When sandboxing dangerous operations, the key metrics are False Positive Rate and False Negative Rate. This is because sandboxing aims to block harmful actions (like running unsafe code) without stopping safe ones.

A False Positive means safe operations are blocked, causing inconvenience or loss of functionality.

A False Negative means dangerous operations slip through, risking security or damage.

Therefore, metrics like Precision (how many blocked operations are truly dangerous) and Recall (how many dangerous operations are caught) are critical to balance safety and usability.

Confusion matrix for sandboxing dangerous operations
      | Predicted Safe       | Predicted Dangerous  |
      |----------------------|---------------------|
      | True Safe (TN)       | False Positive (FP)  |
      | False Negative (FN)  | True Dangerous (TP)  |

      Total operations = TP + FP + TN + FN

      Example:
      TP = 90 (dangerous correctly blocked)
      FP = 10 (safe wrongly blocked)
      TN = 890 (safe correctly allowed)
      FN = 10 (dangerous wrongly allowed)
    
Precision vs Recall tradeoff with examples

If the sandbox blocks too many operations, it has high precision but low recall. This means it rarely blocks safe actions (few false positives), but misses many dangerous ones (many false negatives). This risks security.

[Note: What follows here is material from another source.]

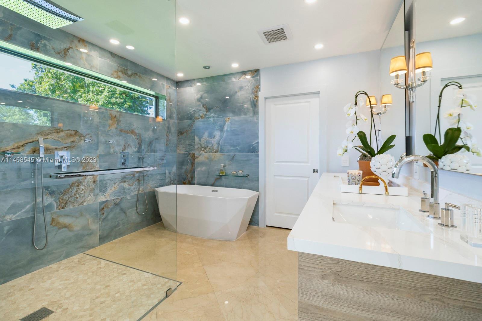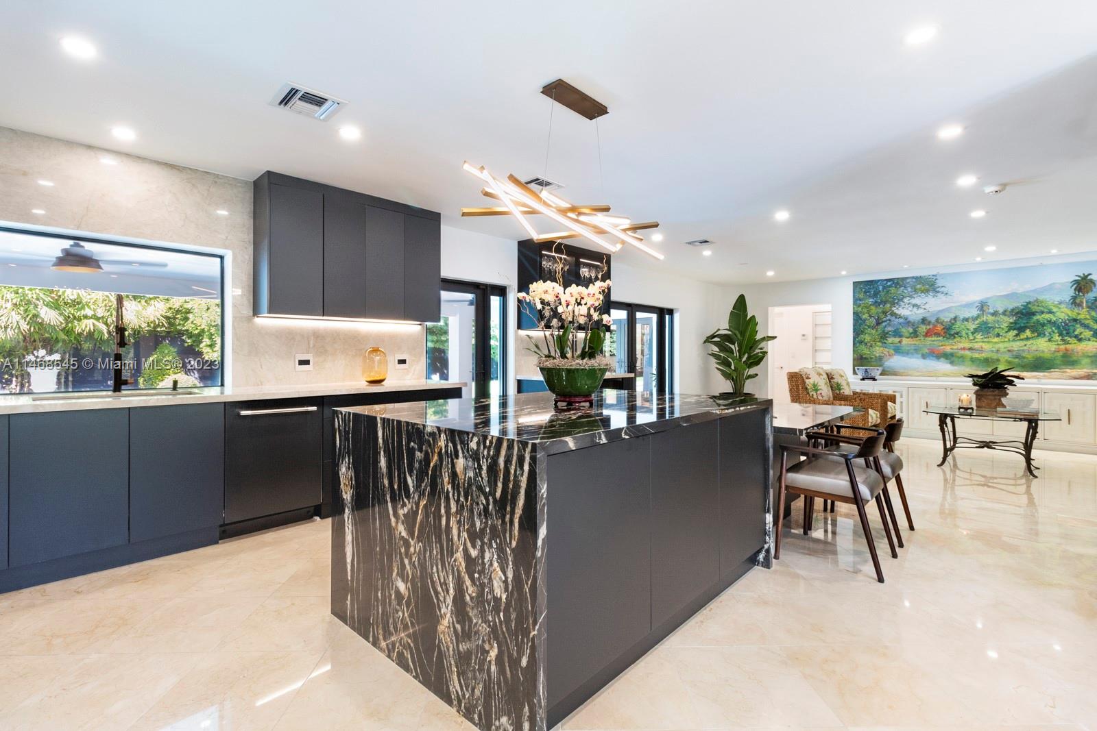 Magnificent 5 Bedroom 4.5 Bath Pool Home in coveted North Pinecrest. Home features include new roof, impact windows and doors, marble floors throughout. High end designer kitchen and appliances with huge island with combined dining area is perfect for entertaining and family reunions. The open concept design lends itself for gracious living with French doors opening to a large, covered terrace with an adjacent deck and sparkling pool. Large primary suite with dual walk-in closets also boasts a beautiful primary bath with soaking tub and walk in shower. Elegant and functional this home was designed with comfort and style sure to please even the most discerning of buyers.

If the sandbox blocks too little, it has high recall but low precision. It catches most dangerous actions but also blocks many safe ones, frustrating users.

Example: A sandbox for running user code in a website should catch all harmful code (high recall) but not block normal code (high precision). Balancing these avoids security risks and user frustration.

What "good" vs "bad" metric values look like for sandboxing
  • Good: Precision > 0.9 and Recall > 0.9 means most dangerous operations are blocked and few safe ones are stopped.
  • Bad: Precision < 0.5 means many safe operations are blocked, hurting usability.
  • Bad: Recall < 0.5 means many dangerous operations are missed, risking security.
  • Balanced: F1 score near 1.0 shows good overall performance.
Common pitfalls in sandboxing metrics
  • Accuracy paradox: If dangerous operations are rare, high accuracy can be misleading by mostly predicting safe.
  • Data leakage: Testing on data similar to training can inflate metrics, hiding real risks.
  • Overfitting: Sandbox rules too strict on training data may fail on new dangerous operations.
  • Ignoring false negatives: Missing dangerous operations is often more harmful than blocking safe ones.
Self-check question

Your sandbox model has 98% accuracy but only 12% recall on dangerous operations. Is it good for production? Why or why not?

Answer: No, it is not good. The low recall means it misses 88% of dangerous operations, which is a big security risk. High accuracy is misleading here because most operations are safe, so the model mostly predicts safe and appears accurate.

Key Result
Precision and recall are key to balance blocking dangerous operations while allowing safe ones in sandboxing.